Apache Kafka® - Hot and Cold Retries
A demo project for elaborating how hot and cold retries can be applied in Apache Kafka®. This repository will be the source and reference codebase of my blog post.
It includes:
- Application configuration and configuration class to read it
- Consumer factory to create necessary listener container beans and dead letter queue forwarder
- Simple service layer which logs the upcoming messages and to create the erroneous cases
- Topic forwarding strategies and header utilization examples in those strategies
- Consumer examples for hot and cold retries
Utilities:
- Also, you can find a simple Kafka cluster to create your own playground before running the application
How to run
The repository comes with a simple Apache Kafka® cluster utilized by docker compose
. As a preliminary condition, you may need to run it if there is no connectable Kafka cluster available. Otherwise, you can configure host and port information from application.yml
$ cd kafka-hot-and-cold-retries
$ docker compose up # To make Kafka cluster up and running
$ gradle bootRun # To make the application up and running
Flow
As depicted in the below figure, our journey starts with our producer. It publishes the message on the target topic, and the consumer starts processing. There will not be any problem while consuming in the happy path, and the consumer will be able to process the message.

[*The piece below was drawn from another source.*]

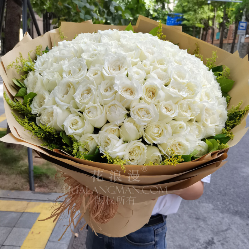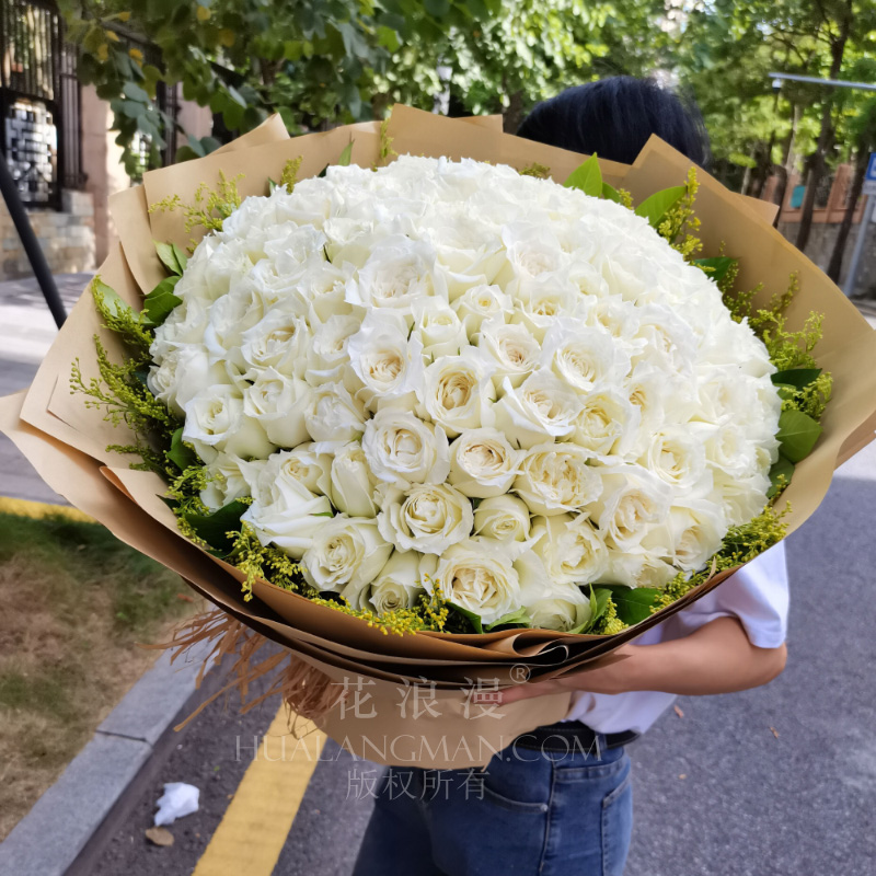 - 99朵精品白玫瑰,外围黄莺栀子叶;如图颜色包装纸,圆形平角包装,蝴蝶结或拉菲草扎束

But, if the consumer encounters an exception, it will first check whether any hot retry is defined or not. If so, we will try the message consumption up until maximum hot retry attempt or it succeeds in consuming the message. If it fails and reaches the maximum threshold, then it checks whether the cold retry configuration is defined or not. In the worst-case scenario where we do not have any cold retry configured, the message goes to the dead letter queue (DLQ). Otherwise, we will forward the message to the cold retry topic, and make it be processed with some delay. That is why these kinds of topics are called delayed topics.
Note that the delayed topics do not differ from the normal topics in terms of topology but in terminology. You will see that they could also have a hot retry defined in them or even another cold retry topic chained next to another delay topic.
Now, we have forwarded the message to our cold retry topic. One of the main aims here is to chain delay topics with themselves or other ones without blocking the other messages in the same partition. To do that, we will implement the topic forwarding logic for cold retries. Hence, a failure on a cold retry topic will lead to publishing the same message into the same topic again and skipping the current offset. Also, to have a retry threshold, we put custom headers on the topics and check the attempt value in the next consumption. By doing so, the current offset’s message will not block the next offset, and the current failed message will get its new offset at the end of the same partition after incrementing the attempt count (Yay!). Still, it is possible that we can reach the maximum attempt count limit on the cold retry. As a result, this will cause either publishing the message to the next cold retry topic if defined or the dead letter queue as a sink point.
As you can see from the overall flow, the consumers will handle each forwarded message as a fresh message and apply the hot and cold retrials on them again and again in case of failure.